Here is why I think the limit does not exists.

link to image if mathjax doesn't work

$\lim \limits_{x \to ∞ } \frac{3|x|+2x}{7|x|-5x}$ == $\lim \limits_{1/h \to 0 } \frac{3|1/h|+2(1/h)}{7|1/h|-5(1/h)}$

$\lim \limits_{1/h \to 0^+ } \frac{3|1/h|+2(1/h)}{7|1/h|-5(1/h)}$ == $\lim \limits_{1/h \to 0^+ } \frac{3+2}{7-5}$ == $\frac{5}{2}$

$\lim \limits_{1/h \to 0^- } \frac{3|1/h|+2(1/h)}{7|1/h|-5(1/h)}$ == $\lim \limits_{1/h \to 0^- } \frac{-3+2}{-7-5}$ == $\frac{1}{12}$

left limit does not match the right limit. so i think the limit does not exist. Is this solution correct?

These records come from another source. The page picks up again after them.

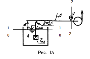 Составим уравнение Бернулли для сечений 1-1 и 2-2 относительно плоскости сравнения 0-0 совпадающей с сечением 1-1.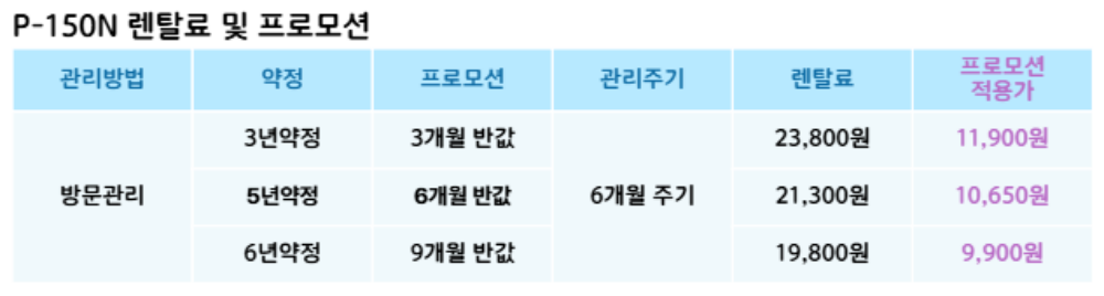 P-150N 코웨이 [코웨이] 빌트인 정수기(일반) 제품분류 정수기 정수방식 직수형 기능 정수전용 AS기간 렌탈기간내 최저 렌탈가 월 19,800 (렌탈가) 제휴카드 할인가 월 (렌탈가) 3년 5년 6년 방문관리/6개월 제품색상 선택 화이트 + 0원 할인 제휴카드 보기 렌탈신청 장바구니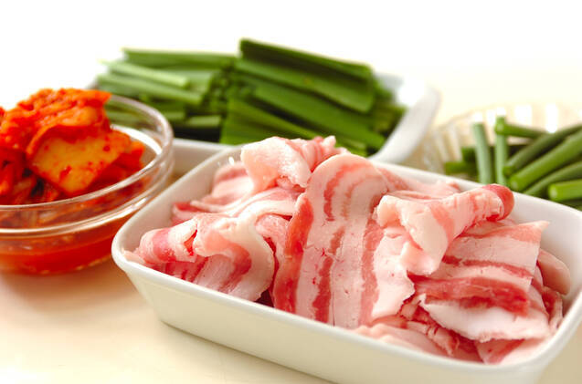 豚バラ肉は長さ6~7cmに切る。白菜キムチが大きい場合は、ザク切りにする。ニラは水洗いして根元の固い部分を切り落とし、長さ5cmに切る。ニンニクの芽は長さ4~5cmに切る。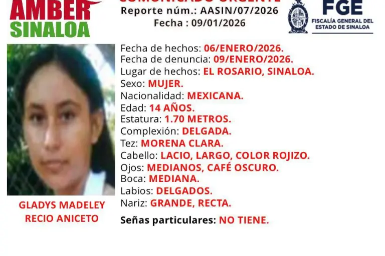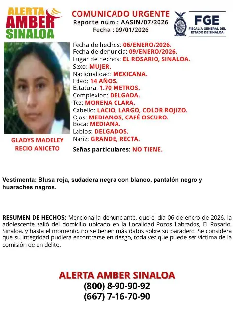 ROSARIO._ Las autoridades estatales emitieron la Alerta Amber para la búsqueda de Gladys Madeley Recio Aniceto, una adolescente de 14 años que desapareció hace tres días en el municipio de El Rosario y hasta el momento se desconoce su paradero.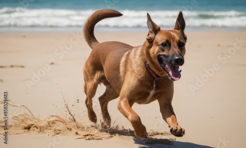dog, beach, running, sand, ocean, tail, ear, tongue, happy, playful, energetic, joyful, outdoors, exercise, fun, excitement, adventure, relaxation, leisure, recreation, companionship, loyalty, love, happiness, joy, wave, animal, pet, puppy, canino, cute, breed, mammal, brown, portrait, boxer, isolated, domestic, pedigree, studio, white, doggy, purebred, dog, nature, friends, sitting, funny
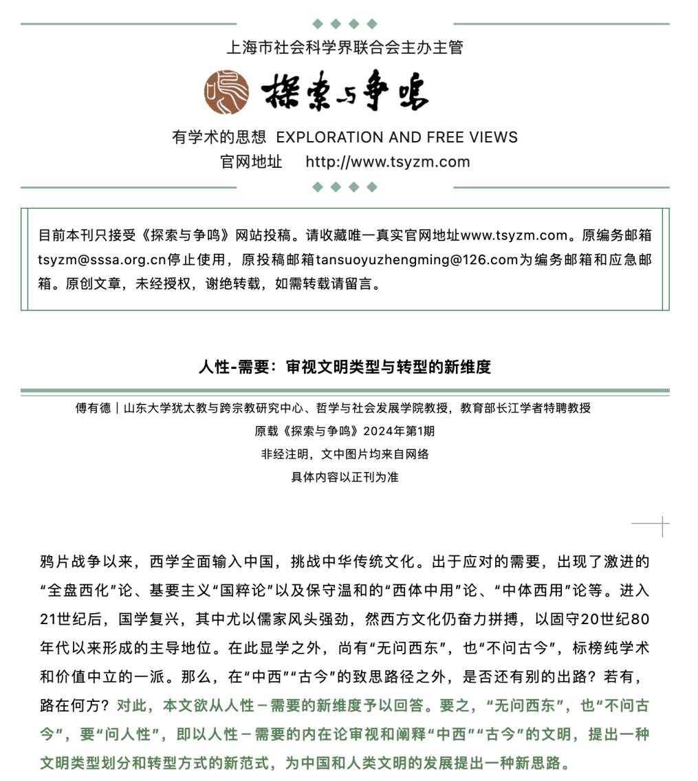 近日,beat365英国官方网站犹太教与跨宗教研究中心、beat365英国官方网站傅有德教授在《探索与争鸣》2024年第1期发表高质量论文《人性-需要:审视文明类型与转型的新维度》。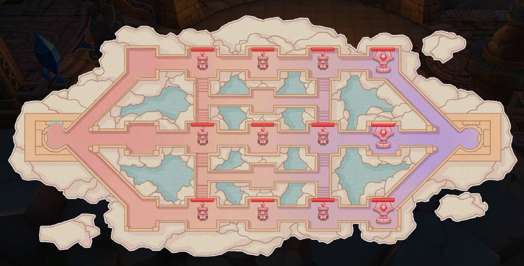 两个圣团将均出现在战场左边,并根据圣团分为上下两路,率先攻破对应水晶的圣团获胜。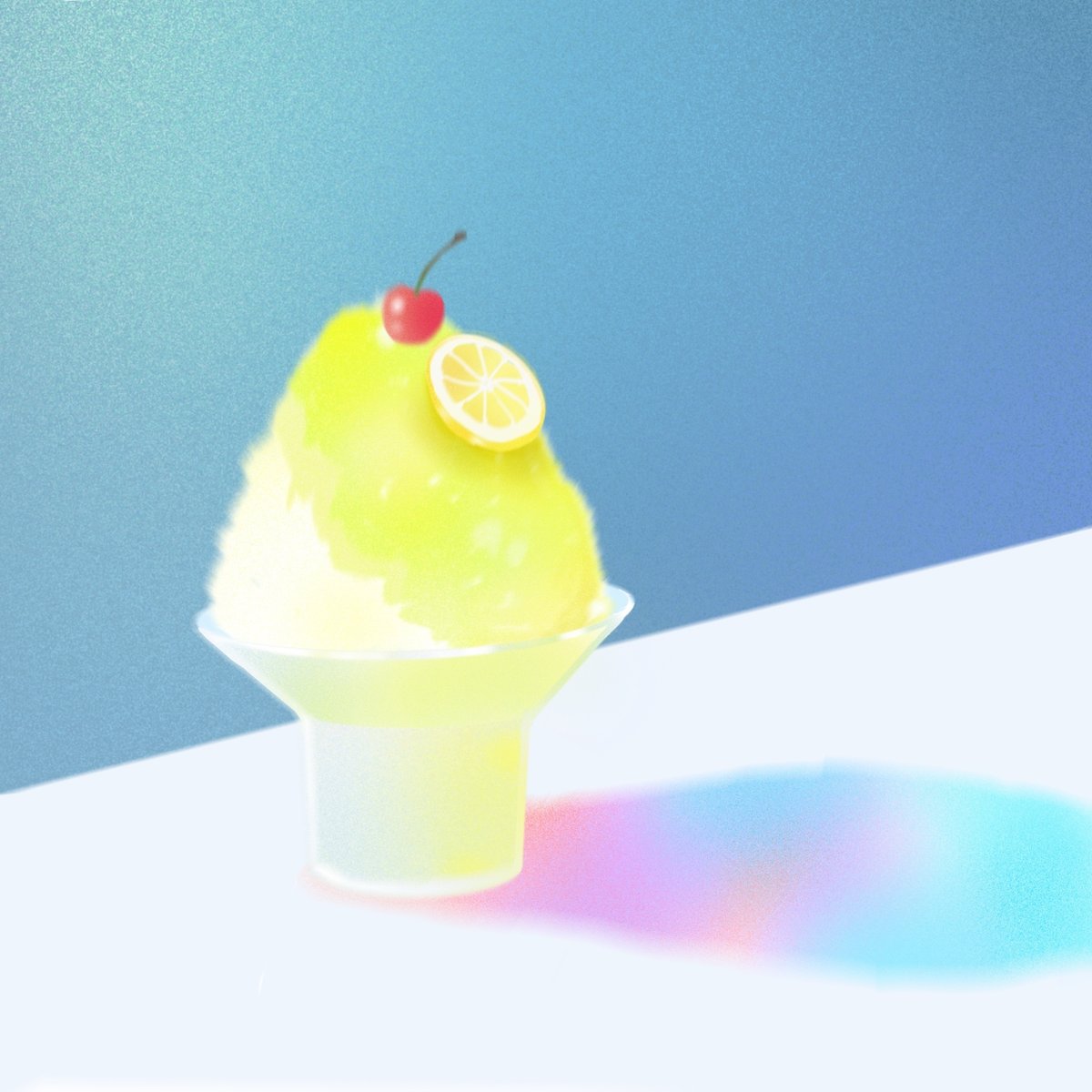 今食べるなら爽やかなレモン味がいいかなという気持ちでレモン色のかき氷を描きました。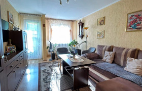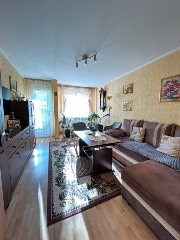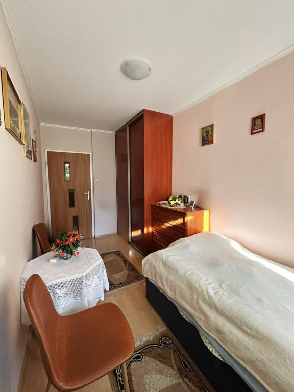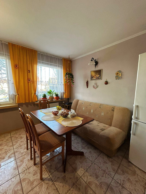 Mieszkanie pierwotnie posiadało trzy pokoje, jednak zostało przebudowane w bardzo funkcjonalny sposób. Jeden z pokoi został połączony z kuchnią, dzięki czemu powstała przestronna jadalnia z kuchnią oraz duża, komfortowa strefa dzienna, idealna do codziennego życia.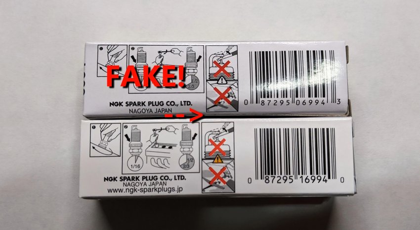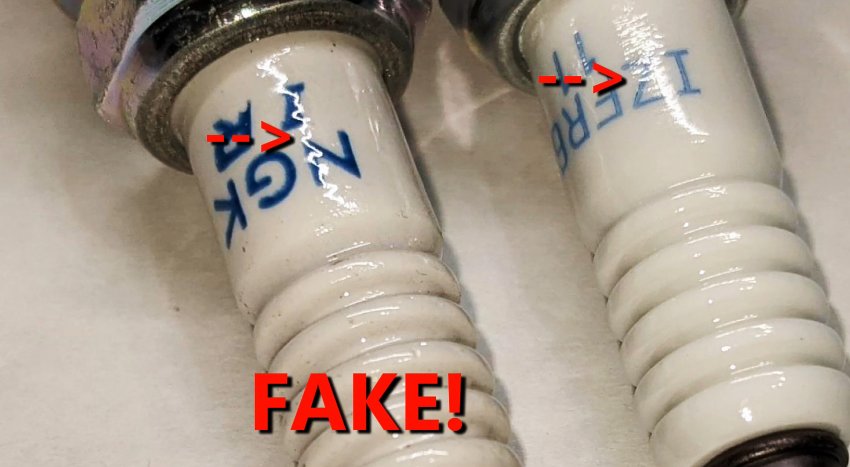 Иногда подделки изготавливаются очень качественно, тем не менее, они будут плохо работать, т. к. в них нет иридия, платины и меди. Поэтому ресурс подделок ограничен 12 тыс. км пробега. У оригинала он доходит до 180 тыс. км.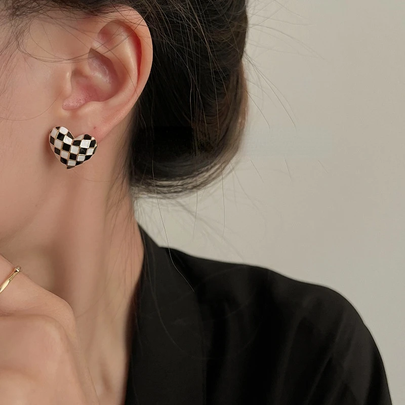 Новые Шахматные черно-белые серьги в форме сердца, капельная глазурь, Женские Ретро повседневные Простые серьги, модные ювелирные изделия д...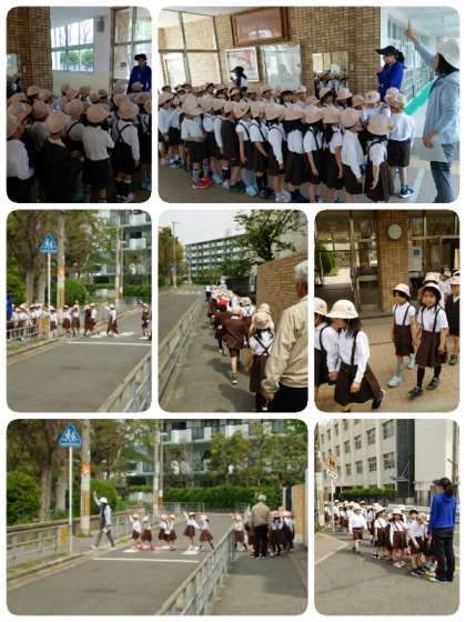 本日の二時間目に、1年生は学校周辺の歩行を通して交通安全について学習しました。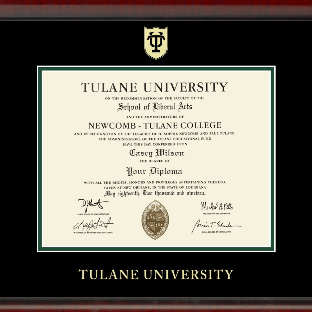 This Tulane University diploma frame is crafted from solid wood in the USA. Proudly display your Tulane diploma with museum quality conservation mounting materials to showcase and protect your Tulane University diploma.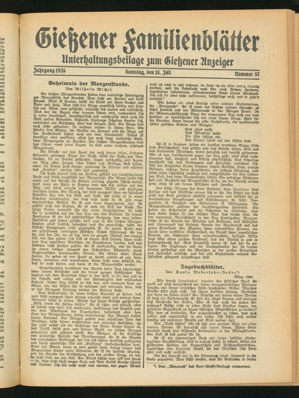 Unterhaltungsbeilage zum Gießener Anzeiger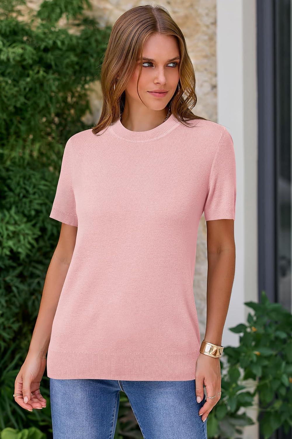 Arach&Cloz Women’s Wool Blend Business Casual Essential Fall Layering Pullover Sweaters(Light Pink)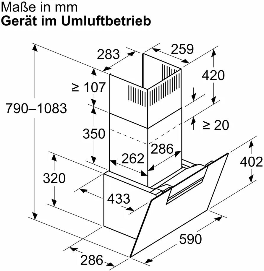 - Gerätemaße Umluft (HxBxT): 790-1083 x 590 x 433 mm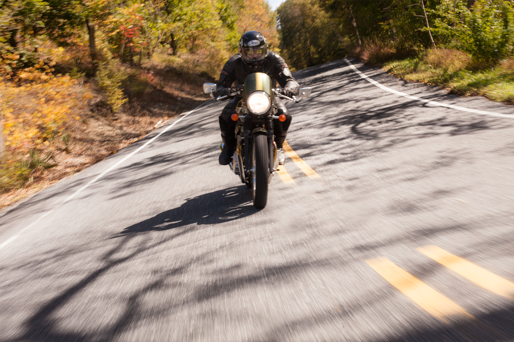 When I got the keys to the Thruxton, I immediately headed out to the low-slung hills of the Appalachian Mountains of eastern Pennsylvania. While living in Southern California and Tennessee, I rode bikes of all shapes and sizes down some of the best roads America has to offer, yet eastern Pennsylvania still holds a special place in my heart. It was here I first learned to ride a motorcycle, a Triumph Bonneville T-100 not so different from this Thruxton.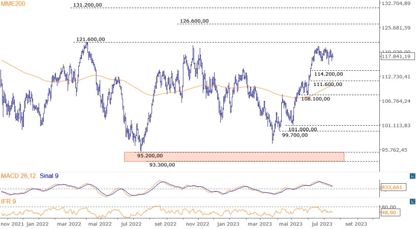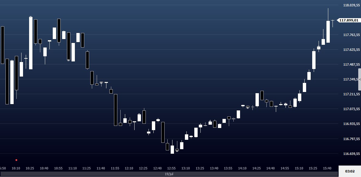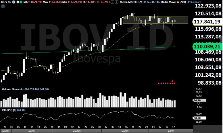Ao final do dia, o Ibovespa, que até chegou a virar para positivo e beliscar novamente os 118 mil, encerrou com queda de 0,25%, aos 117,5 mil pontos, mais uma vez na contramão de Wall Street, que fechou no azul, ainda embalado pelos balanços do 2T23. Já o dólar encerrou sequência de altas e ficou com menos 0,48%, a R$ 4,78.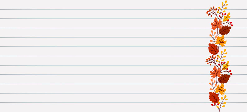 Paper Background with Autumn Leaves,  Lines, Copybook Page, Template, Notepaper, Autumn Border, Autumn Decoration, Vector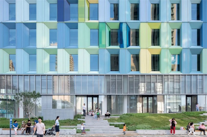 建筑立面的设计,在研究了各种立面设计相应的建构方式和整体效果后,最终于2017年底确定了单元化、简洁统一的立面形态,结合色彩的整体设计。
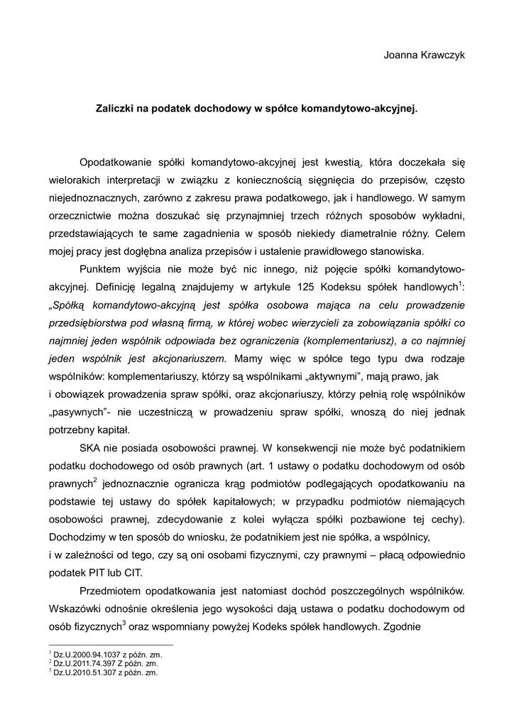 Joanna Krawczyk Zaliczki na podatek dochodowy w spółce komandytowo-akcyjnej. Opodatkowanie spółki komandytowo-akcyjnej jest kwestią, która doczekała się wielorakich interpretacji w związku z koniecznością sięgnięcia do przepisów, często niejednoznacznych, zarówno z zakresu prawa podatkowego, jak i handlowego. W samym orzecznictwie można doszukać się przynajmniej trzech różnych sposobów wykładni, przedstawiających te same zagadnienia w sposób niekiedy diametralnie różny. Celem mojej pracy jest dogłębna analiza przepisów i ustalenie prawidłowego stanowiska. Punktem wyjścia nie może być nic innego, niż pojęcie spółki komandytowoakcyjnej. Definicję legalną znajdujemy w artykule 125 Kodeksu spółek handlowych1: „Spółką komandytowo-akcyjną jest spółka osobowa mająca na celu prowadzenie przedsiębiorstwa pod własną firmą, w której wobec wierzycieli za zobowiązania spółki co najmniej jeden wspólnik odpowiada bez ograniczenia (komplementariusz), a co najmniej jeden wspólnik jest akcjonariuszem. Mamy więc w spółce tego typu dwa rodzaje wspólników: komplementariuszy, którzy są wspólnikami „aktywnymi”, mają prawo, jak i obowiązek prowadzenia spraw spółki, oraz akcjonariuszy, którzy pełnią rolę wspólników „pasywnych”- nie uczestniczą w prowadzeniu spraw spółki, wnoszą do niej jednak potrzebny kapitał. SKA nie posiada osobowości prawnej. W konsekwencji nie może być podatnikiem podatku dochodowego od osób prawnych (art. 1 ustawy o podatku dochodowym od osób prawnych2 jednoznacznie ogranicza krąg podmiotów podlegających opodatkowaniu na podstawie tej ustawy do spółek kapitałowych; w przypadku podmiotów niemających osobowości prawnej, zdecydowanie z kolei wyłącza spółki pozbawione tej cechy). Dochodzimy w ten sposób do wniosku, że podatnikiem jest nie spółka, a wspólnicy, i w zależności od tego, czy są oni osobami fizycznymi, czy prawnymi – płacą odpowiednio podatek PIT lub CIT. Przedmiotem opodatkowania jest natomiast dochód poszczególnych wspólników. Wskazówki odnośnie określenia jego wysokości dają ustawa o podatku dochodowym od osób fizycznych3 oraz wspomniany powyżej Kodeks spółek handlowych. Zgodnie 1 Dz.U.2000.94.1037 z późn. zm. Dz.U.2011.74.397 Z późn. zm. 3 Dz.U.2010.51.307 z późn. zm. 2 z artykułem 8 ust. 1 ustawy o PIT: „Przychody z udziału w spółce niebędącej osobą prawną (...) u każdego podatnika określa się proporcjonalnie do jego prawa do udziału w zysku (udziału) (…). Z kolei według art. 147 ksh udział w zysku jest proporcjonalny do wkładu wspólnika do spółki. („Komplementariusz oraz akcjonariusz uczestniczą w zysku spółki proporcjonalnie do ich wkładów wniesionych do spółki, chyba że statut stanowi inaczej.”) Wysokości podatku będzie więc uzależniona od wniesionego przez niego kapitału, a obliczana jako ułamek od zysków całej spółki. Zyskiem akcjonariusza natomiast będzie, co do zasady, dywidenda wypłacana mu raz w roku, po podjęciu przez walne zgromadzenie spółki uchwały o podziale zysków za dany rok obrotowy. Przychód, jaki uzyskuje wspólnik, można teoretycznie zakwalifikować na dwa sposoby. Pierwszy to przychody z kapitałów pieniężnych. Za takim rozwiązaniem opowiedział się m.in. Wojewódzki Sąd Administracyjny w Krakowie4. Taka kwalifikacja okazuje się jednak błędna. W myśl art 17 ust.1 pkt 4 ustawy o PIT „Za przychody z kapitałów pieniężnych uważa się: dywidendy i inne przychody z tytułu udziału w zyskach osób prawnych, których podstawą uzyskania są udziały (akcje) w spółce mającej osobowość prawną lub spółdzielni.” Przepis ten stwierdza jednoznacznie, że przychodami z kapitałów pieniężnych mogą być tylko dywidendy uzyskane dzięki udziałom w spółkach będących osobami prawnymi, a więc de facto spółek kapitałowych. Do takich SKA bez wątpienia nie należy, a więc dywidenda pochodząca z SKA nie jest dywidendą, o której tutaj mowa. Pojęcie „spółek mających osobowość prawną” nie zostało zdefiniowane w szczególny sposób w cytowanej ustawie, a więc trudno doszukiwać się potrzeby definiowania tego zwrotu w sposób odmienny niż przyjęty w Kodeksie spółek handlowych. Ponadto, samo pojęcie dywidendy ma ścisły związek właśnie ze spółkami kapitałowymi i rozszerzanie go, zdaje się nie mieć celu. We wspomnianym wyżej wyroku sąd argumentował swoje stanowisko tym, że budowa zdania wskazuje na intencje ustawodawcy by fragment przepisu następujący po przecinku odnosił się tylko do „innych przychodów z tytułu udziału w zyskach osób prawnych”. Taka, a nie inna konstrukcja jednostki redakcyjnej miała być spowodowana troską ustawodawcy o poprawność gramatyczną. Argumentacja ta, nie wydaje się być przekonująca. Druga możliwa kwalifikacja dochodów z dywidendy w SKA to przychody z pozarolniczej działalności gospodarczej. Zgodnie z art. 5b ust. 2 ustawy o PIT „Jeżeli pozarolniczą działalność gospodarczą prowadzi spółka niemająca osobowości prawnej, przychody wspólnika z udziału w takiej spółce, określone na podstawie art. 8 ust. 1, uznaje się za przychody ze źródła, o którym mowa w art. 10 ust. 1 pkt 3” czyli przychody 4 Sygn. akt. I SA/Kr 1181/07, LEX nr 463849 z pozarolniczej działalności gospodarczej. Ustawodawca przyjmuje tu fikcję prawną, w wyniku której mamy do czynienia z pozarolniczą działalnością gospodarczą w dwóch przypadkach: 1) gdy prowadzi ją osoba fizyczna zgodnie z definicją działalności w art. 5a pkt 655; 2) uznaje się za prowadzenie pozarolniczej działalności gospodarczej fakt pozostawania wspólnikiem spółki osobowej, która taką działalność prowadzi we własnym imieniu. Tak więc jeśli tylko działalność tego typu prowadzi spółka, to przyjmujemy że wspólnik także. I to każdy wspólnik bez względu na jego status (komplementa

Edit: please note here the question is whether the limit to the given equation exists or not, if it does what is it.

Answer 1

$$\underset{x\to +\infty }{\text{lim}}\frac{3 \left| x\right| +2 x}{7 \left| x\right| -5 x}=\underset{x\to +\infty }{\text{lim}}\frac{3 x +2 x}{7x -5 x}=\underset{x\to +\infty }{\text{lim}}\frac{5x}{2x}=\frac{5}{2}$$ $$\underset{x\to -\infty }{\text{lim}}\frac{3 \left| x\right| +2 x}{7 \left| x\right| -5 x}=\underset{x\to -\infty }{\text{lim}}\frac{-3 x +2 x}{-7x -5 x}=\underset{x\to -\infty }{\text{lim}}\frac{-x}{-12x}=\frac{1}{12}$$ The limits at $\infty$ are two and they both exist. The limit at $x=0$ does not exist.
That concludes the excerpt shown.